Minister of Education, Sports and Youth
- In office 15 September 2013 – 11 May 2017
- Prime Minister: Edi Rama
- Preceded by: Myqerem Tafaj
- Succeeded by: Mirela Karabina
- In office 13 September 2017 – 17 January 2019
- Prime Minister: Edi Rama
- Preceded by: Mirela Karabina (Education and Sports)
- Succeeded by: Besa Shahini

Personal details
- Born: October 22, 1965 (age 60) Tirana, PR Albania
- Party: Socialist Party
- Spouse: Ligor Nikolla
- Children: 1
- Education: University of Tirana Albanian University

= Lindita Nikolla =

Albanian politician (born 1965)

Lindita Nikolla (born 22 October 1965) is an Albanian retired politician
who served as the Speaker of the Parliament from September 10, 2021, until her retirement from politics on July 28, 2024.
Previously she served as the Minister of Education, Sports and Youth in September 2013 until May 2017, where she temporarily handed over the post to Mirela Karabina as part of a pre-election agreement between the position and the opposition. Nikolla was appointed again Minister of Education, Sports and Youth in September 2017 until 2019. In December 2018 a standoff occurred between Nikolla and students when she was minister, with the students protesting for multiple days, which expanded to the Union of Employees of Universities of Albania joining protests.

== Career ==
Lindita Nikolla was born on 22 October 1965 in Tirana, PR Albania. In 1989, she graduated from the University of Tirana with a degree in mathematics from the Faculty of Natural Sciences. From 2003 to 2006 she was elected as a Member of the Council of the Municipal Unit no. 1 in Tirana. In September 2007 she became a member of the Presidency of the Socialist Party.

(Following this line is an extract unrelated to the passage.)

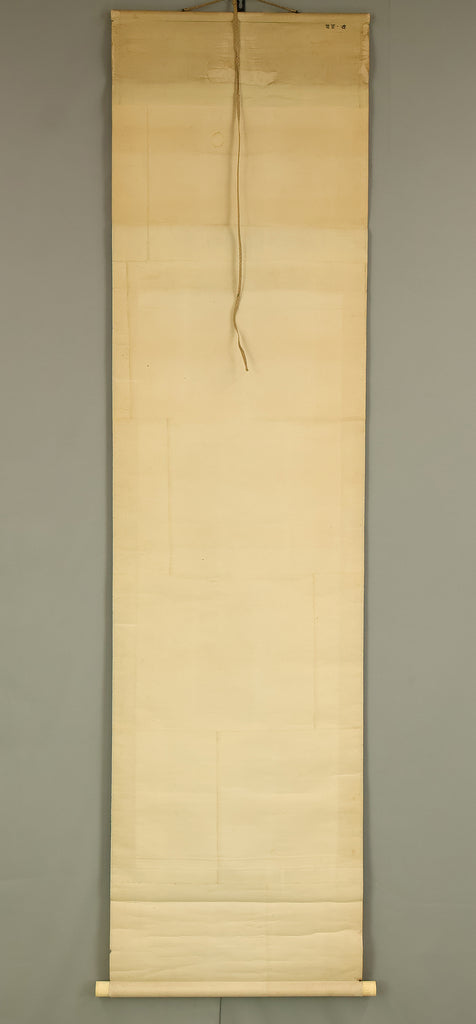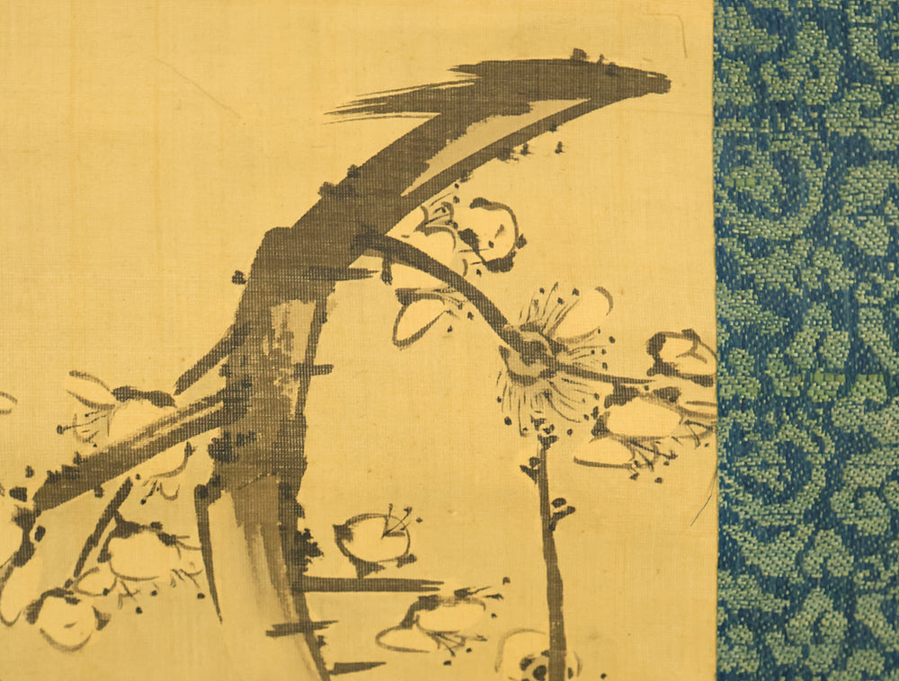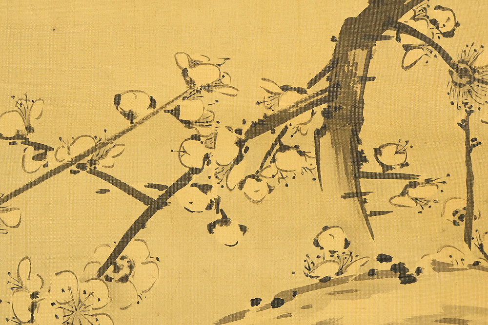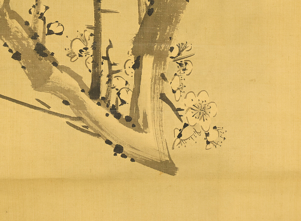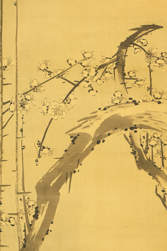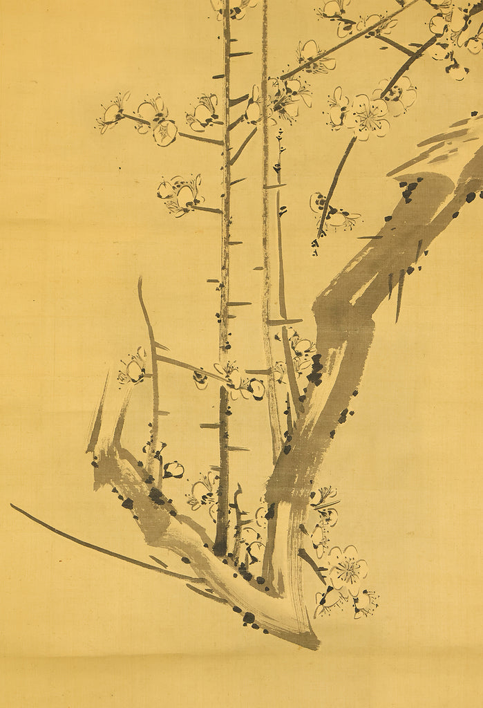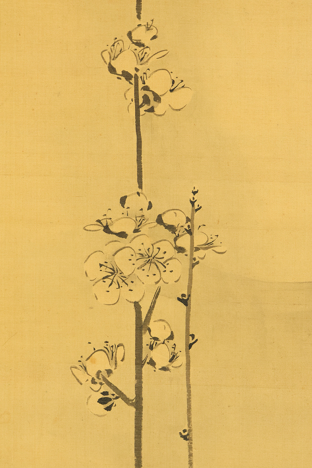 Quietly illuminated by a pale moon, this hanging scroll by Imei Shukei (1731–1808) presents a refined ink depiction of plum blossoms rising against the night sky. Shukei, a Rinzai‑sect monk of the Shōkoku‑ji lineage and a pupil of Ito Jakuchu, channels both spiritual clarity and painterly discipline into the delicate interplay of branches, blossoms, and atmospheric light. The restrained brushwork allows the moon to emerge softly from the surrounding ink wash, while the plum—one of Shukei’s most celebrated subjects—appears with a balance of elegance and vitality. Signed “Imei” and sealed with “Shukei no in” and “Imei,” the work reflects the contemplative sensibility of a monk‑painter whose mastery bridged religious practice and artistic expression. Accompanied by its storage box, the scroll embodies the poetic serenity characteristic of mid‑Edo Zen painting.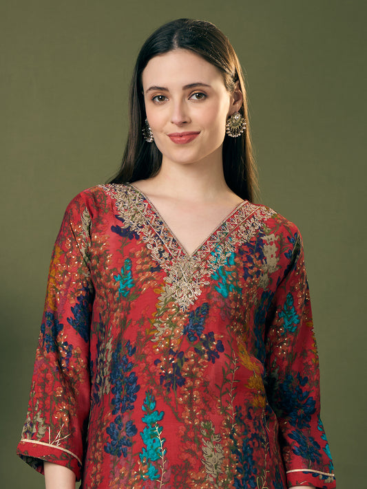 Ethnic Floral Printed Straight Fit Embroidered Kurta...

Nikolla was elected Speaker of the Parliament on September 10, 2021. She was elected with the support of 79 deputies out of 140, which led deputies of the Democratic Party to cut up their forms for her nomination for the speakership in protest. In 2022 she met with Bärbel Bas, where she stated that her intention is the protect Euro-Atlantic values and reaffirmed Albania's support for Ukraine. She also stated in 2023 that she supported Albania's integration into the European Union. On July 27, 2024, she announced that she was resigning due to health reasons from the position.